What to produce:
Every line of the listing below is to be repeated exactly; the pictures stay out.

Raw data:

↓

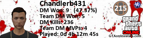 [URL=http://GTAonlinestats.com/showplayer/Chandlerb431][IMG]http://GTAonlinestats.com/dmsignature/Chandlerb431/sig.png[/IMG][/URL]
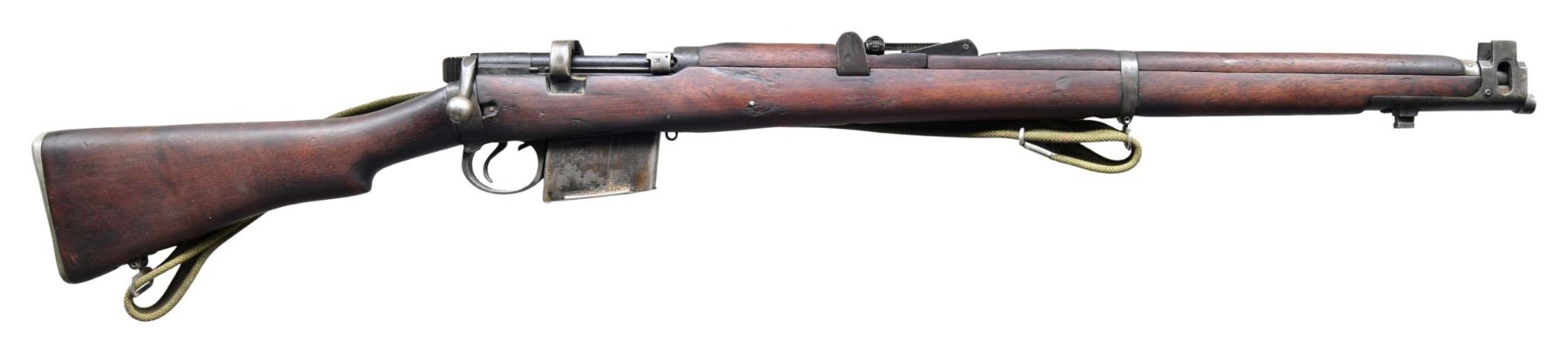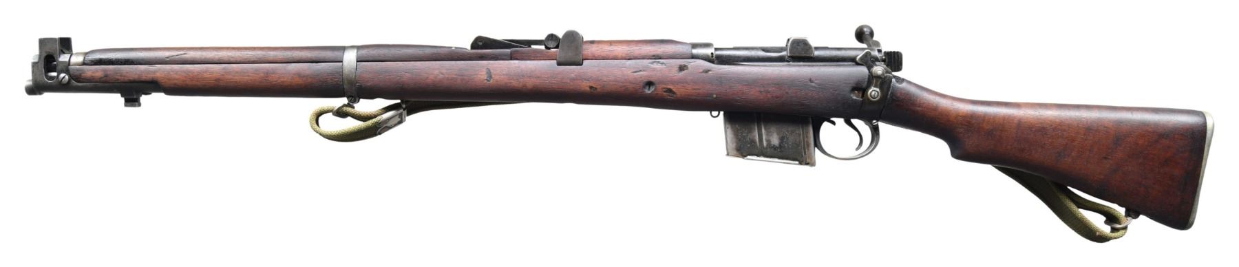 Cal. 7.62x51. S# C7336. Bbl. 25 1/5". Blade front sight with protective ears. Tangent rear sight graduated to 800m. All visible matching numbers. Right side of socket has Ishapore & 2A1 markings with 1965 date. Right rear of receiver has Navy Arms import marking. Suncorite finish. Hardwood stock set with bottom mounted sling swivels & canvas SMLE sling that appears to be of newer mfr. MAGS: 1-12 rd. matching numbered to rifle. CONDITION: stock set appears sanded with faint Ishapore roundel on left side of butt, a minor handguard crack ahead of rear sight, a pair of armorer reinforcements at rear of handguard, a few dents, scattered dings & handling marks. Metal is mostly gray with strong traces of Suncorite finish, edge wear & some scattered oxidation. Action functions properly when hand cycled. Bright near excellent bore. (25-3764/MJC). CURIO. $200-400.
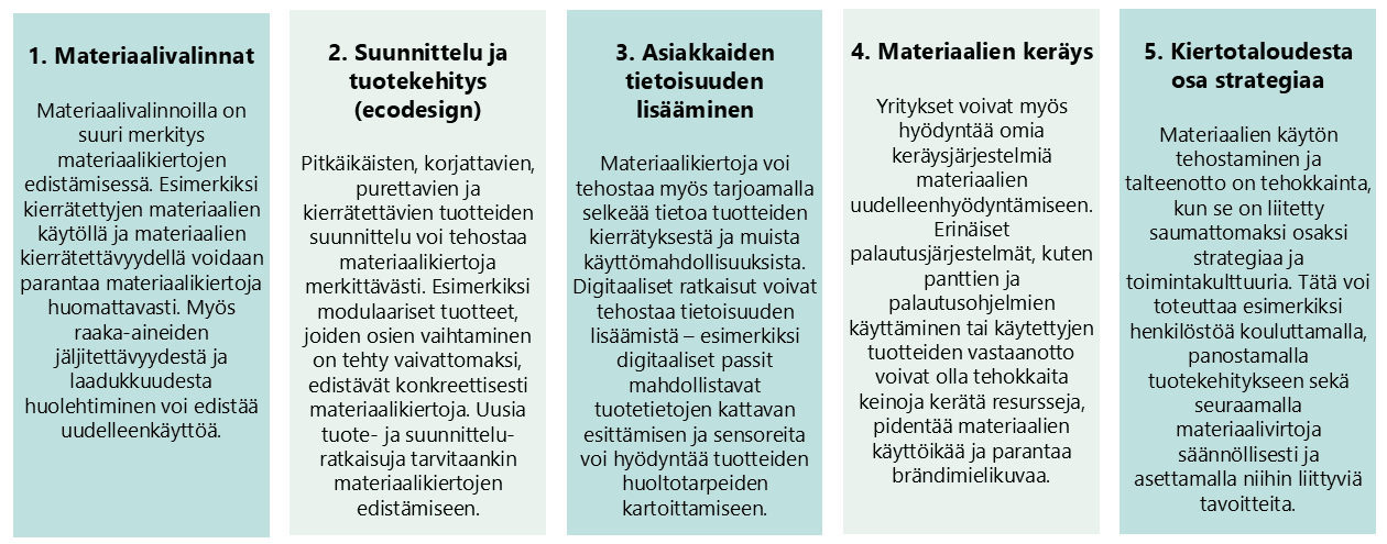 Yritykset voivat edistää tehokkaita materiaalikiertoja monin eri keinoin. Esimerkiksi materiaalivalinnat, suunnittelu, tietoisuuden lisääminen, tuotannon logistiikan parantaminen ja materiaalikiertojen nostaminen osaksi strategiaa tukevat kierrätysasteen kasvattamista koko arvoketjussa, ei vain omassa toiminnassa.

↑

Response for this exercise:
 [URL=http://GTAonlinestats.com/showplayer/Chandlerb431][IMG]http://GTAonlinestats.com/dmsignature/Chandlerb431/sig.png[/IMG][/URL]
 Cal. 7.62x51. S# C7336. Bbl. 25 1/5". Blade front sight with protective ears. Tangent rear sight graduated to 800m. All visible matching numbers. Right side of socket has Ishapore & 2A1 markings with 1965 date. Right rear of receiver has Navy Arms import marking. Suncorite finish. Hardwood stock set with bottom mounted sling swivels & canvas SMLE sling that appears to be of newer mfr. MAGS: 1-12 rd. matching numbered to rifle. CONDITION: stock set appears sanded with faint Ishapore roundel on left side of butt, a minor handguard crack ahead of rear sight, a pair of armorer reinforcements at rear of handguard, a few dents, scattered dings & handling marks. Metal is mostly gray with strong traces of Suncorite finish, edge wear & some scattered oxidation. Action functions properly when hand cycled. Bright near excellent bore. (25-3764/MJC). CURIO. $200-400.
 Yritykset voivat edistää tehokkaita materiaalikiertoja monin eri keinoin. Esimerkiksi materiaalivalinnat, suunnittelu, tietoisuuden lisääminen, tuotannon logistiikan parantaminen ja materiaalikiertojen nostaminen osaksi strategiaa tukevat kierrätysasteen kasvattamista koko arvoketjussa, ei vain omassa toiminnassa.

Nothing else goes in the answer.